Your answer is the line containing "جانب من الحضور" plus every line after it to the end of the data below, transcribed exactly and with nothing else.

Items from a data source:
·····

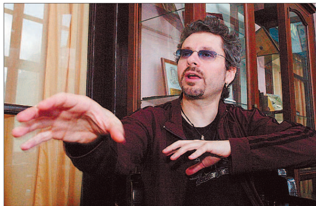
El director de cine estará en el estreno.

un autobús que saldrá desde el Centro de Creación Musical Hangar a las 17.30 horas, con un bono que incluye entrada, obsequio de CD y desplazamiento Burgos-Madrid-Burgos por 8 euros (5 euros para los titulares de tarjetas de Caja de Burgos). Las entradas ya están a la venta en las taquillas del Hangar, Cultural Cordón y en el servicio Web TeleEntradas Caja de Burgos. Se trata del segundo dis-
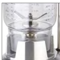
Diseño del vaso patentado. Garantiza la perfecta preparación de recetas a base de hielo y café.
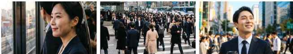
지하철 출근하는 직장인 얼굴, 횡단보도 바쁘게 건너는 사람의 얼굴, 문득 고개 들어 긍정의 표정을 짓는 클로즈업으로 엔딩
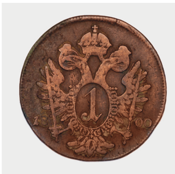
1 krajcar austriacki z 1800 r. – rewers
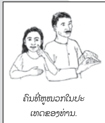
ຄົນທີ່ຫຼຸໜວກໃນປະເທດຂອງທ່ານ.
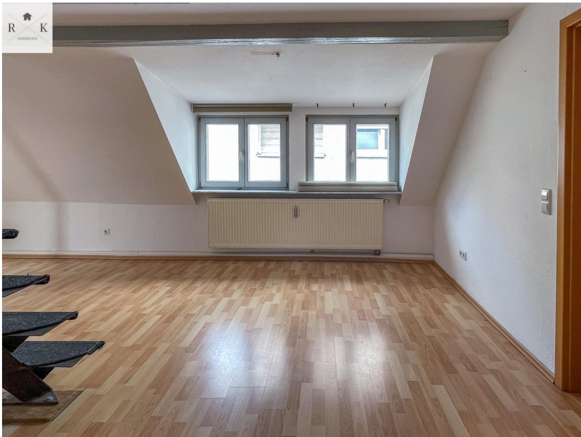
Wohn- / Essbereich
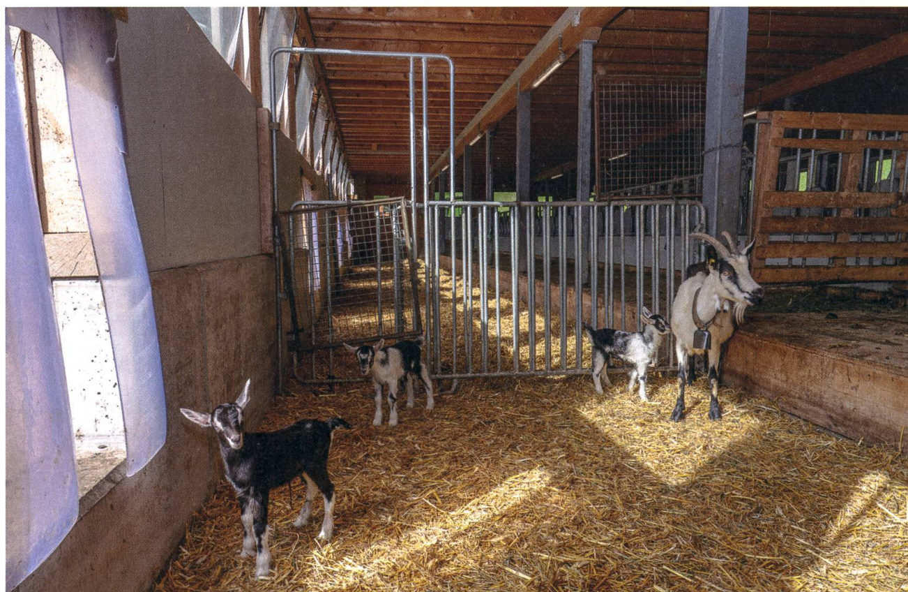
2018 zogen die Ifängi-Geissen in ihren grosszügig dimensionierten Laufstall ein, wo sie die Nächte verbringen.
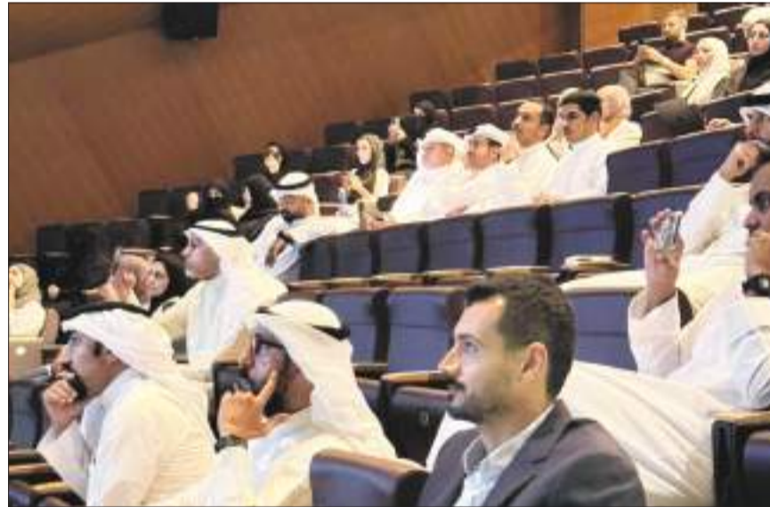
جانب من الحضور

لتعزيز الوعي الفكري والقيمي والجمع بين العلم والثقافة الدينية

·····

FINISHED TASK:
جانب من الحضور

لتعزيز الوعي الفكري والقيمي والجمع بين العلم والثقافة الدينية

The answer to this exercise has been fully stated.